Unmut in der Koalition und scharfe Kritik von links
Dass der Kanzler die Sozialdemokraten öffentlich attackiert, stößt auch innerhalb der Koalition auf Vorbehalte. „Der Kanzler hat recht, denn Impulse für Einsparungen können nicht nur von der Union ausgehen“, sagte Johannes Winkel, CDU-Bundestagsabgeordneter und Vorsitzender der Jungen Union. Zugleich mahnte er im Gespräch, „Die Koalitionsspitzen sollten aber nach den turbulenten letzten Wochen darauf verzichten, sich öffentlich Ansagen zu machen.“
Auch Linke und Grüne kritisierten die Aussagen des Kanzlers scharf. „Die Äußerungen des Bundeskanzlers sind ein Schlag ins Gesicht für Millionen Menschen“, sagte Linken-Chefin Ines Schwerdtner dem Nachrichtenportal T-Online. „Sie treffen die Leute, die ihr ganzes Leben lang gearbeitet haben“, sagte sie weiter und fügte hinzu: „Dieser Kanzler sollte sich schämen.“
An die Regierung gerichtet forderte Schwerdtner, sich international umzusehen: Sie solle sich ein Beispiel an Österreich nehmen und schauen, „wie man dort eine stabile Rente organisiert, statt immer nur nach unten zu schauen und bei denjenigen zu nehmen, die eh schon weniger haben“. Zudem bot die Partei an, einen Protest zu organisieren mit den Menschen, die sich nicht damit abfinden wollen, „dass die Rente zum Almosen wird“.

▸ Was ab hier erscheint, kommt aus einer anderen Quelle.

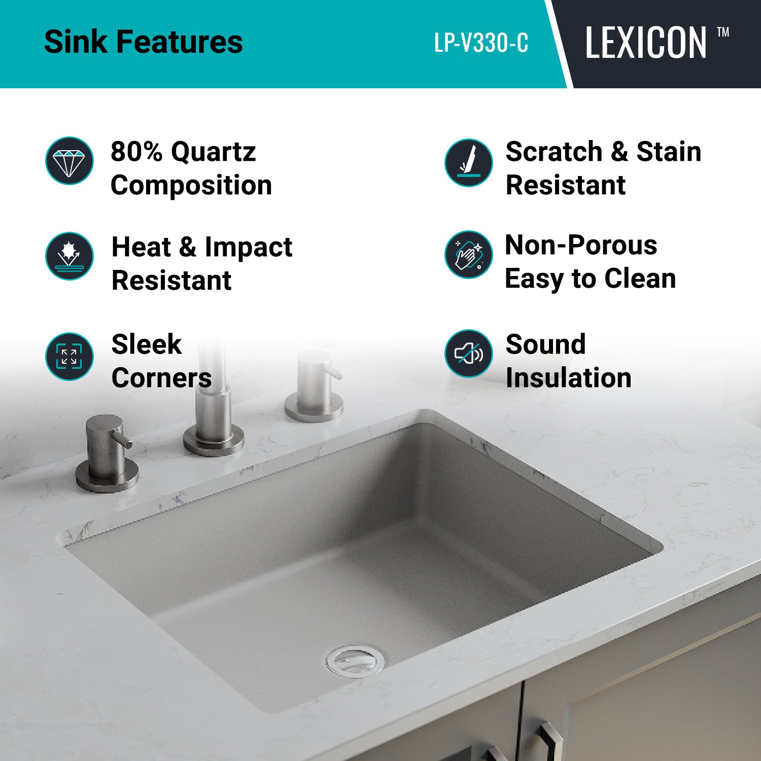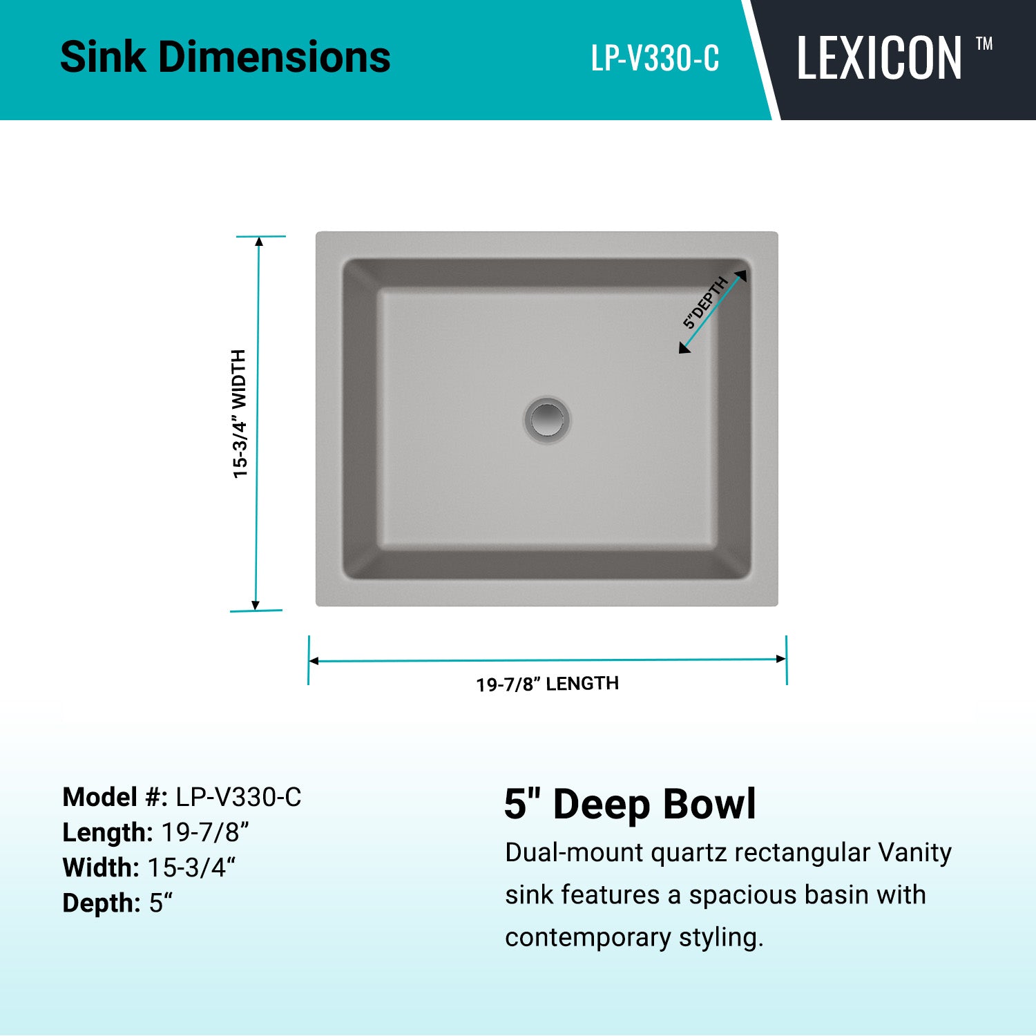 The LEXICON™ LP-V330-C Rectangle Concrete Bathroom Vanity Sink are constructed from 80% natural quartz, creating an incredibly durable Sink. Quartz has the smooth feel of stone with superb sound-absorption properties and provides maximum protection against heat, scratches and stains. LEXICON Sinks are backed by a limited lifetime warranty.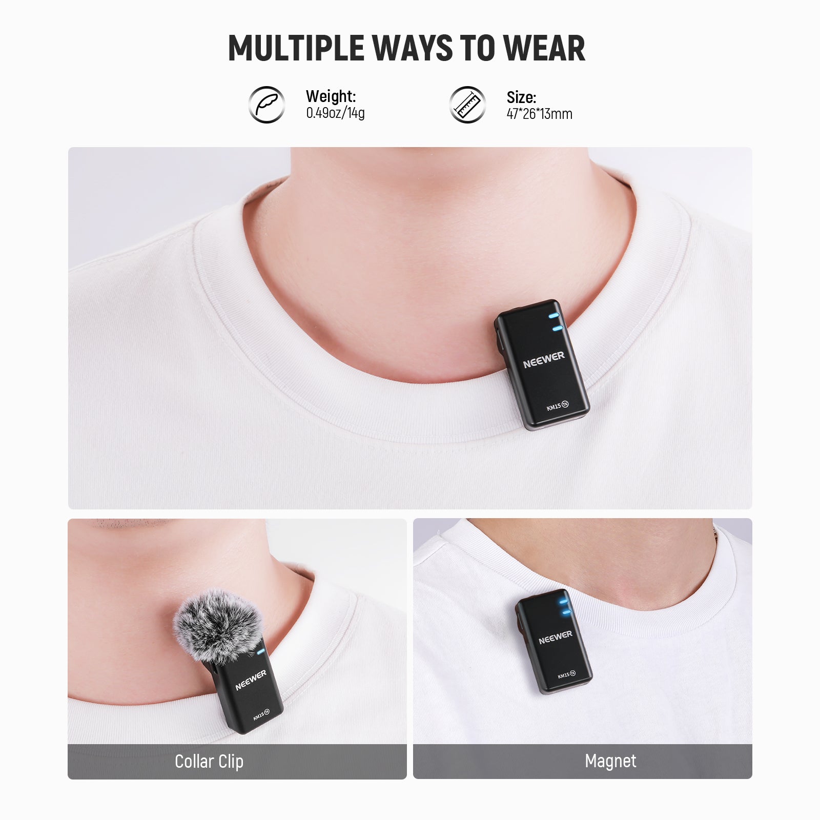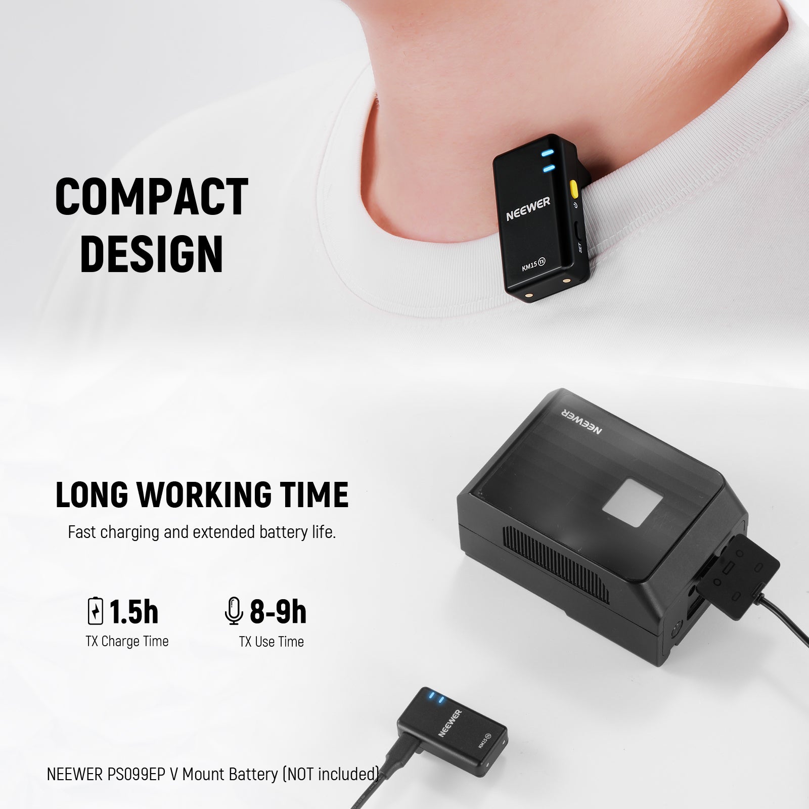 - Audio ad alta fedeltà : ogni trasmettitore è dotato di un microfono a condensatore omnidirezionale, in grado di correggere le curve vocali e di captare le voci a 360° per una qualità audio HD non compressa. Ogni TX ha un jack audio da 3,5 mm per collegare il microfono cablato come NEEWER CM5, garantendo requisiti audio professionali in varie scene. RX consente il monitoraggio in tempo reale e la ricarica del telefono tramite la sua interfaccia di tipo C e il controllo del volume tramite il pulsante di regolazione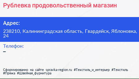 Рублевка, продовольственный магазин по адресу 238210, Калининградская область, Гвардейск, Яблоновка, 24 в дальнейшем Организация, размещена в следующих категориях: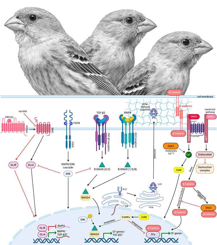 In one of the lab’s most comprehensive studies, we reveal previously unknown transient subcellular compartmentalization of key proteins that can explain how an ancient and unchanging regulatory network can nevertheless produce a diverse array of rapid and precise adjustments in avian beaks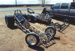 The Nitro Nova lined up next to Stinson's restored Laff Clown digger. |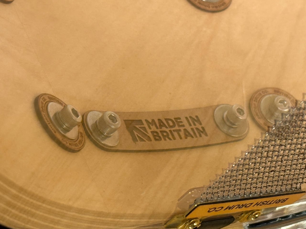 British Drumのドラムには、その名前を刻印し、英国製であることを表示する手作りのレーザー彫刻されたベントバッジが取り付けられています。。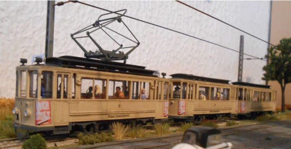 Die Wagen waren beige lackiert und trugen die Aufschrift „Pfälzer Oberlandbahn“.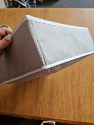 Elegante caja organizadora . Para usos múltiples. - Acabado exterior simula al cuero. - Diseño con costuras blancas. - Cierre metálico frontal. - Con piezas en los compartimentos que se puede usar para insertar joyas, pendientes,...,o quitar las piezas y usar en los espacios, los huecos, incluso se pueden quitar todos los compartimentos y quedar vacío. Ancho 30 cm Fondo 20 cm Alto 8 cm Algo aplastado, pero apenas de aprecia, y colocado encima de la mesa no se ve. Ver fotos.

Grüne warnen vor „Billigprodukt“ Rente
Auch aus der Grünen-Fraktion kommt deutliche Kritik an der Rentenpolitik des Kanzlers. Armin Grau, Sprecher für Arbeit und Soziales und Rentenexperte der Grünen-Fraktion, sagte: „Friedrich Merz willst die gesetzliche Rente immer mehr zu einem Billigprodukt degradieren, auf das sich die Menschen nicht mehr verlassen können.“ Er verwies darauf, dass die gesetzliche Rente „schon in der Vergangenheit viele demographische Klippen gut gemeistert“ habe und bislang nur durch politische Entscheidungen geschwächt worden sei. „Eine solche Schwächung hat Merz jetzt auch vor“, sagte Grau dem Nachrichtenportal T-Online.
Grau betonte die Rolle zusätzlicher Vorsorgeformen, warnte aber vor einer Verdrängung der gesetzlichen Rente: „Es ist richtig, wir brauchen die private und betriebliche Altersvorsorge, aber neben einer starken gesetzlichen Rente, nicht an ihrer Stelle.“ Er lobte, dass die Regierung nun auch ein öffentlich-rechtliches Standardprodukt in die private Altersvorsorge aufgenommen habe, „aber nicht als Abwahlmöglichkeit“, wie wir es fordern. Zudem fordern die Grünen eine obligatorische betriebliche Rente, „aber auch davon hört man der Regierung nichts“.